RIP クリスチャン・ボルタンスキー氏
フランスの現代アーティスト、クリスチャン・ボルタンスキー氏が2021年7月14日に逝去されました。享年76。死因はがんだったそうです。
生と死をテーマに数々の作品を残してきたアーティストだけに、その訃報は大きな喪失感を伴います。もっと作品に触れたかった…と悔しさも感じずにはいられません。
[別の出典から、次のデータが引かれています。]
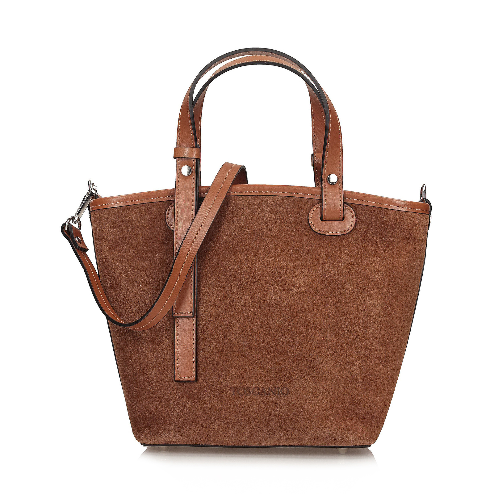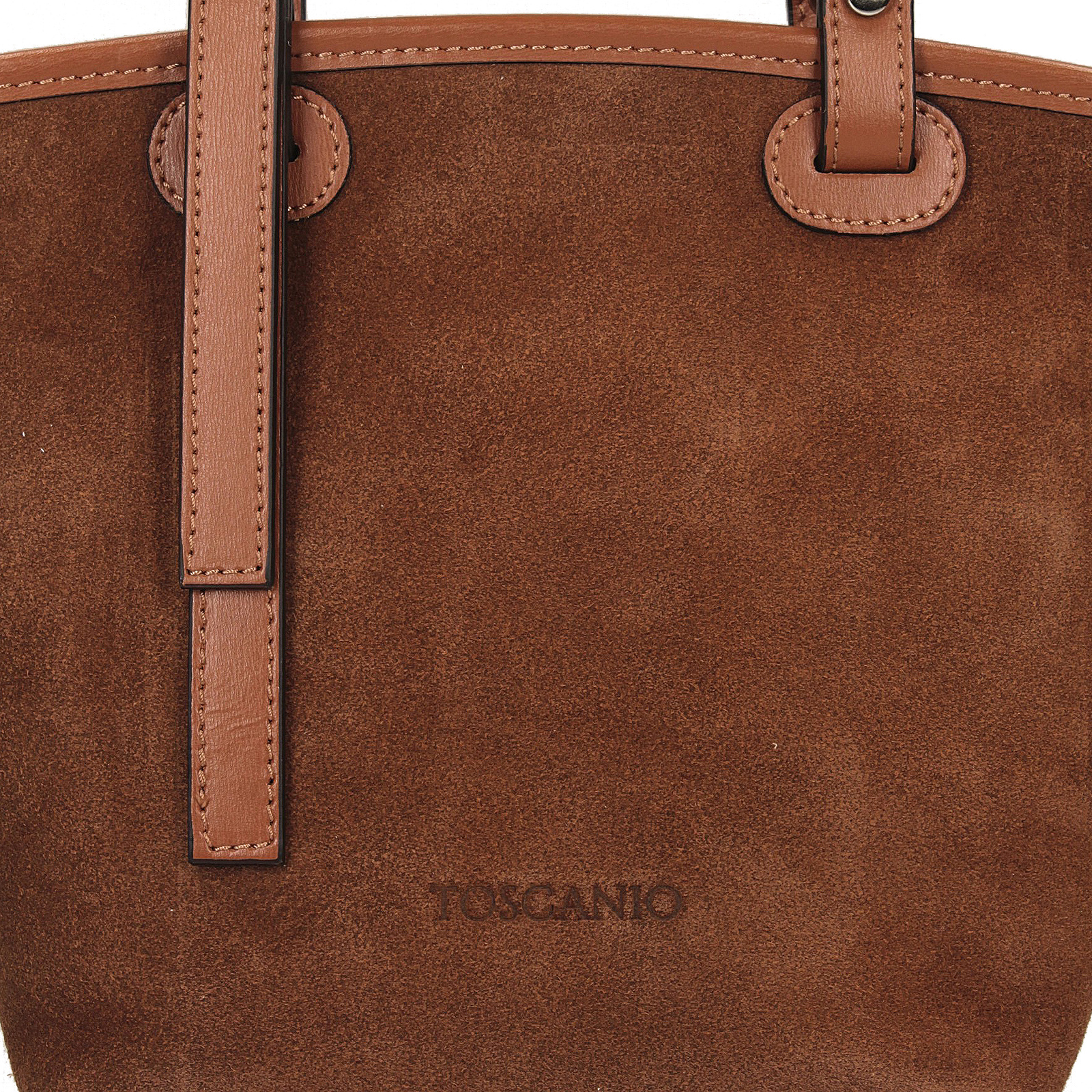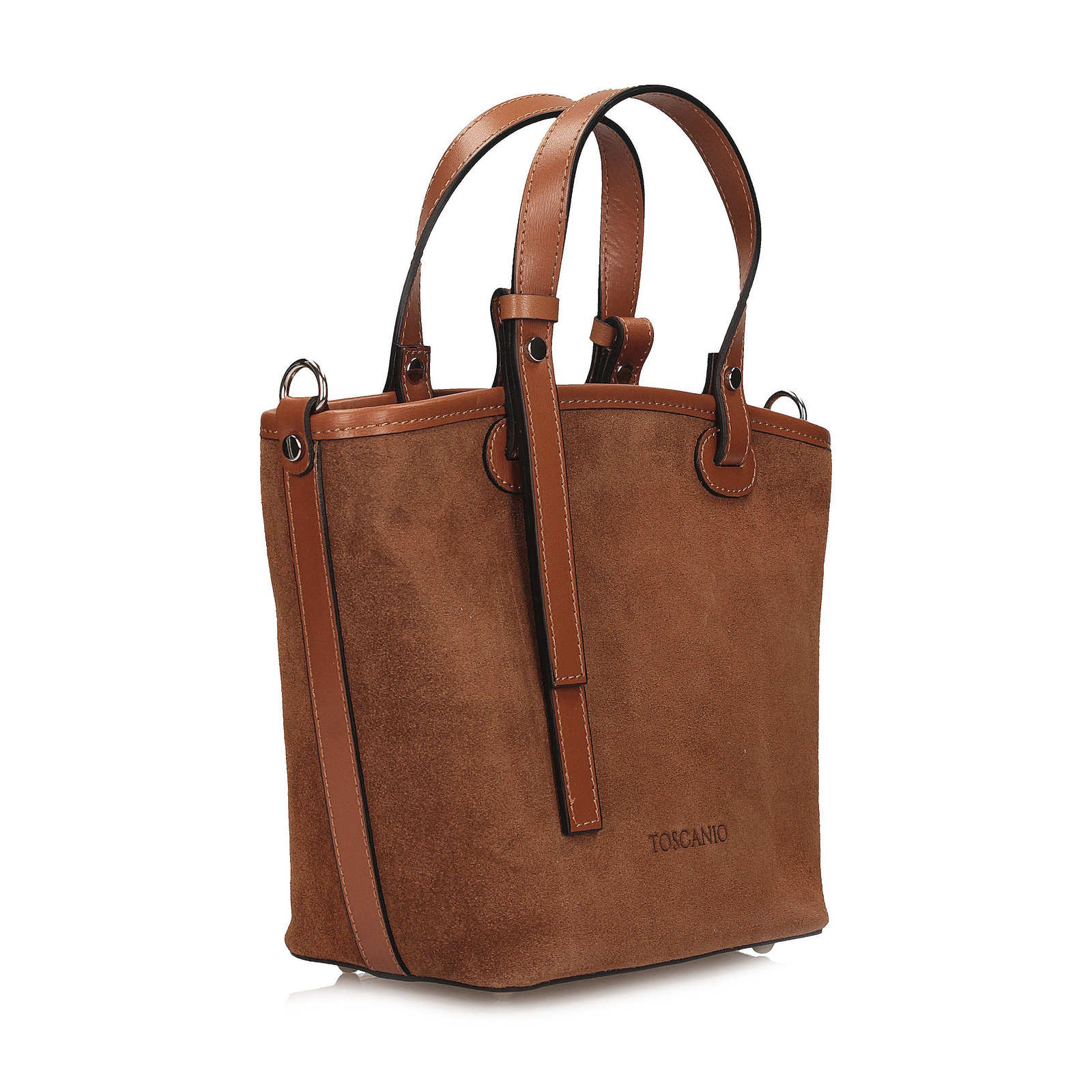 Ruda torebka Toscanio to model o ciepłym, wyrazistym charakterze, wykonany z miękkiej skóry zamszowej w połączeniu z elementami ze skóry naturalnej groszkowanej. Rączka, pasek i obwoluta zostały wykonane z gładkiej skóry, co nadaje całości eleganckiego wykończenia i zapewnia trwałość. Torebka zapinana jest na zamek w srebrnym kolorze, a jej wnętrze wyściełane tkaniną skrywa jedną komorę oraz dwie praktyczne kieszenie, które pomagają utrzymać porządek. Regulowany pasek ze skóry naturalnej umożliwia noszenie zarówno na ramieniu, jak i w formie crossbody. Intensywny rudy odcień pięknie podkreśli jesienne i zimowe stylizacje, ale też doda charakteru prostym, codziennym zestawom.

実は、2022年春に宮城県南三陸町に開館予定だった震災伝承施設で展示制作を行う予定だったとのこと。聞けば聞くほど残念な知らせです。
生と死を問い続けたアーティスト
1944年、パリ生まれ。
映像、写真、彫刻、インスタレーションなど多様なメディアを用いて「記憶」「不在」「死」といった普遍的テーマに挑み続けました。
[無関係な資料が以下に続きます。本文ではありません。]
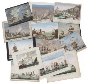 ■ (Opticaprenten) — Een verzameling van 14 midden tot laat 18de–eeuwse ingekleurde opticaprenten w.o. 'Gesigt op de Flaamse Kunst' (door Hendrik Spilman (1721–1784) naar ontwerp van Van Goyen, uitgegeven te Amsterdam door Samuel Cruys), zeeslagen (w.o. 'Combat entre les Fregates Hollandaises et les Fregates Anglaises'), brandend schip bij Messina (dubbel), een scheepswerf, een 'Vue de la mer au soleil couchant', etc.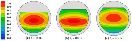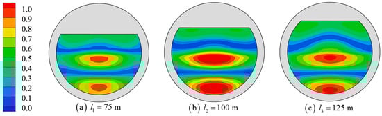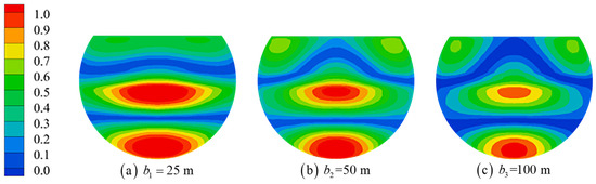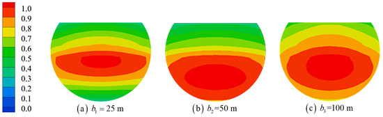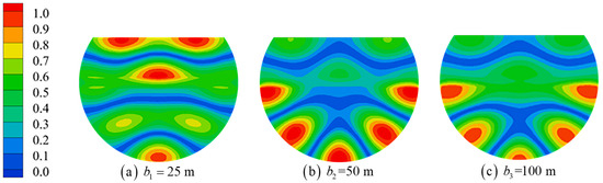 The wall thickness of the floating platform is one element that affects its inner domain water resonance. In order to study the effect of the wall’s thickness on the resonance of the water in the inner domain of the platform, three different cases of wall thicknesses were set up in all three cases, including and the wall thicknesses of , , and . Figure 13 compares the resonant frequencies and co-oscillation amplitudes of water for the different wall thicknesses and MI~M6 modes. With the increase in wall thickness, the resonant frequencies of the M1~M6 modes are reduced, the RWH of the modes M1 (piston mode) and M2 (first-order sloshing mode) increase significantly, and the RWH of the modes M3~M6 decrease. The wall thickness of the floating tour platform is similar to a filter. The lower frequency wave is less affected, and the higher frequencies are more affected by it, and different wall thicknesses correspond to different filtering capacities. The larger the wall thickness, the stronger the filtering ability, where the M1 and M2 modes correspond to the strong penetration ability of the low-frequency wave. The increase in wall thickness will weaken the long-wave energy entering the inner domain of the platform by a small amount while reducing the wave energy flowing out of the inner domain of the platform, resulting in a small increase in total wave energy. The wave energy corresponding to the M3~M6 modes is mostly attenuated, the energy gathered in the inner domain of the platform is reduced, and the value of the co-amplitude of the inner domain water is smaller. Figure 14, Figure 15 and Figure 16 show the representative shape distribution of the M1, M3 and M6 modes with different platform wall thicknesses. As the wall thickness becomes larger, the nodal wave line bending of the three modes occurs, circular characteristics are enhanced, the maximum wave height distribution range shrinks, and the distribution position moves toward the incoming wave direction.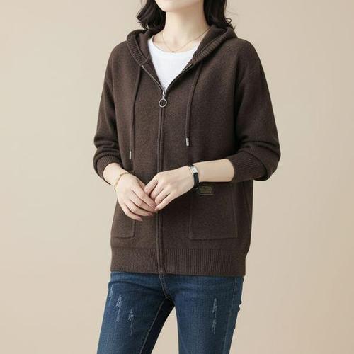 [골피아]여성 포근 후드 써클링 집업 니트 가디건 봄 가을 겨울 아우터 잠바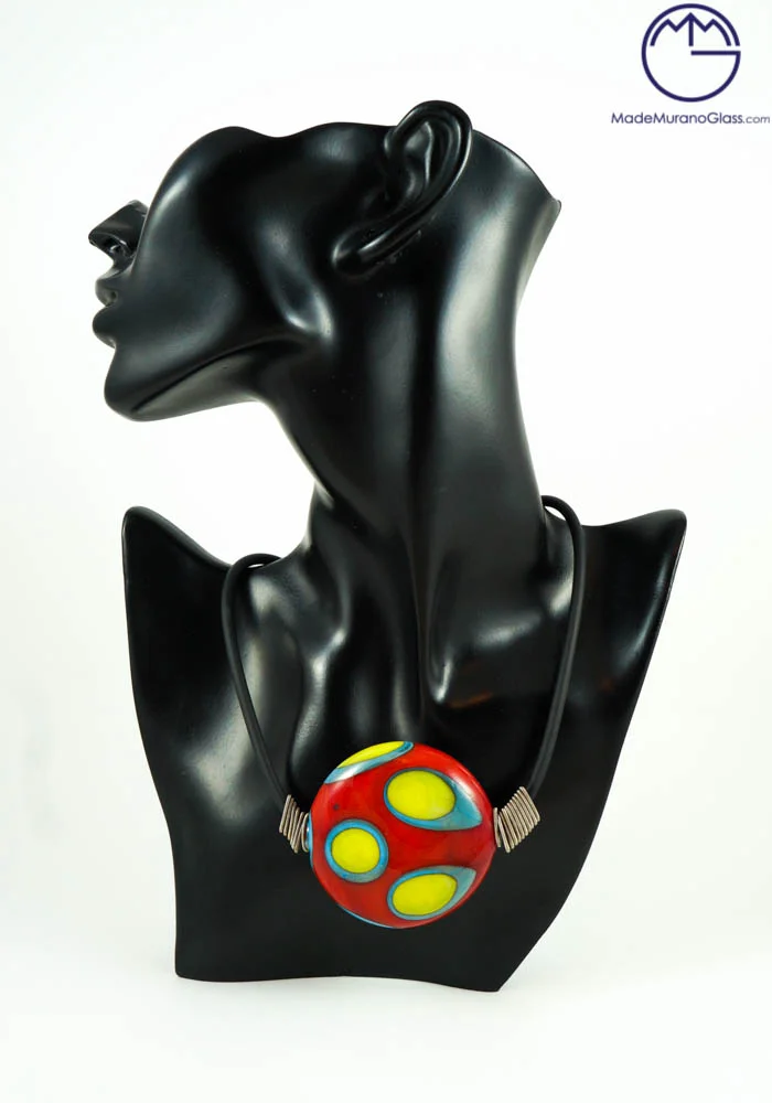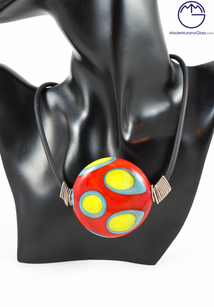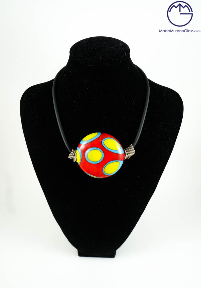 Our Made Murano glass necklaces are hand-made using the “lume” Murano glasswork, like this wonderful Murano jewelry “Adelaide” red coloured with yellow markings and light blue, made of Venetian blown glass and realized by Murano artisans “Ballarin&Cortella”. The combination of style and design is the perfect feature of this Made Murano Glass art work.

ビスケット缶、キャンドル、古着、数千枚の写真や名前など、無名の個人の痕跡を素材とし、人間の存在の儚さと尊さを表現。
ドクメンタ、ヴェネチア・ビエンナーレ、越後妻有トリエンナーレなど国際展にも多数参加。2016年には高松宮殿下記念世界文化賞を受賞し、フランスを代表する現代美術家として世界に知られました。
日本で出会えるボルタンスキー作品
ベネッセアートサイト「心臓音のアーカイブ」
2008年から続けられているプロジェクト。世界中の人々の心臓音を収集し、恒久的に保存・再生できる小さな美術館です。
自分自身の心臓音を採録して残すことも可能で、「生きた証」をアートとして刻む体験は忘れられません。
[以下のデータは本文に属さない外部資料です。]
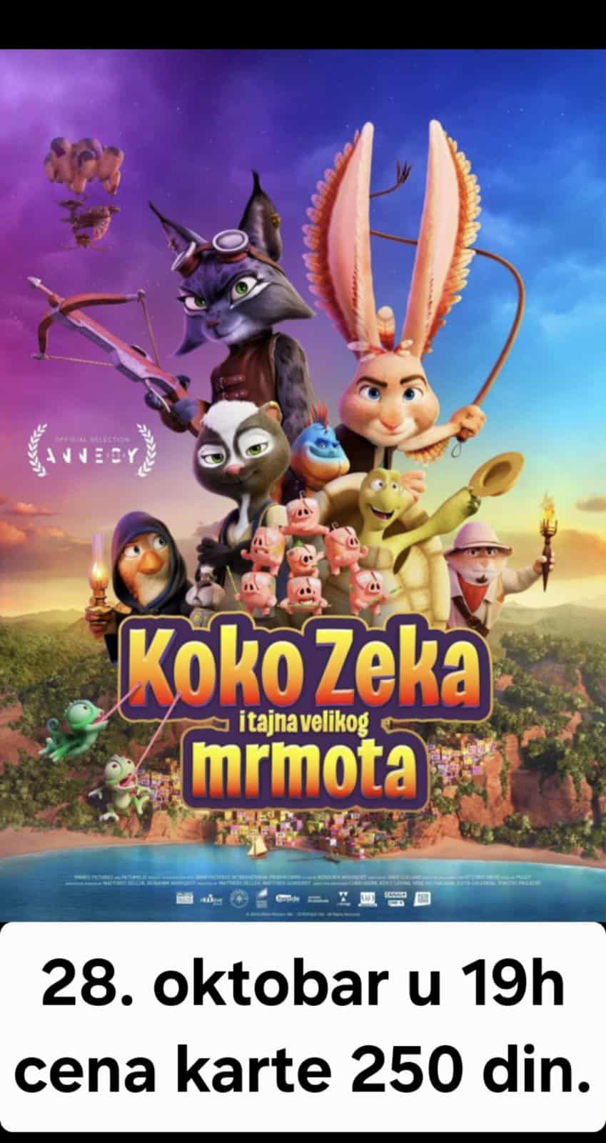 U bioskopu Kulturnog centra Drainac Blace film – Koko Zeka i tajna velikog mrmota. Projekcija 28.oktobra od 19 časova. Cena karte 250 dinara.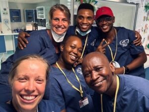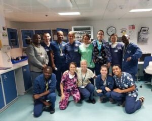 Toen ik aankwam in Sierra Leone waren wij met een hele groep van bijna wel 40 mesen. Hier zijn er de afgelopen week ook veel van vertrokken. Het afscheid nemen is wel een van de meest moeilijke dingen op het schip. Zoals ik eerder schreef bouw je hier zo enorm snel vriendschappen op. Het is dan best gek om elkaar gedag te zeggen wetende dat de kans niet heel groot is dat je elkaar nog een keer gaat zien. We maken van elk afscheid een echt moment, waarin we met veel vrijwilligers gedag komen zeggen, dus ook dat maakt weer indruk. Na een afscheid gaat iedereen weer verder met de orde van de dag en heb je eigenlijk niet eens tijd om stil te staan bij dit gedag zeggen..

館内ショップではトートバッグやレターセットも販売されています。
豊島「ささやきの森」
森の中に無数の短冊が吊るされたインスタレーション。風に揺れる音とともに、亡き人への祈りや記憶を感じられる作品です。公開当初には本人によるアーティストトークも行われました。
越後妻有「最後の教室」
廃校となった小学校を舞台にした大規模インスタレーション。かつて学んだ子どもたちの不在を強く感じさせる空間体験は、まさに“死と記憶”を象徴する作品です。
最後に
二年前の大回顧展「クリスチャン・ボルタンスキー − Lifetime」が記憶に新しい方も多いはず。
あの展示を体験した人なら、今回のニュースにより一層の寂しさを感じているのではないでしょうか。
宮城県南三陸町で予定されていた新しい展示については、今後の続報を待ちたいと思います。
心よりご冥福をお祈りいたします。
追記|これ行きました
南三陸で出会ったボルタンスキー
2022年春に開館した南三陸311メモリアル(震災伝承施設)。
ここには、ボルタンスキーが最後に携わった展示のひとつがあります。
実際に訪れてみて感じたのは、「生と死を強く意識させる南三陸という場所だからこそ、彼の作品が心に深く響く」ということ。
震災の記憶と、ボルタンスキーが生涯を通して問い続けた「存在と不在」というテーマが、静かな空間の中で共鳴しているようでした。
作品自体は撮影NGですが、だからこそその場に立ち会ったときの空気や感情が、自分の記憶にしっかり刻まれた気がします。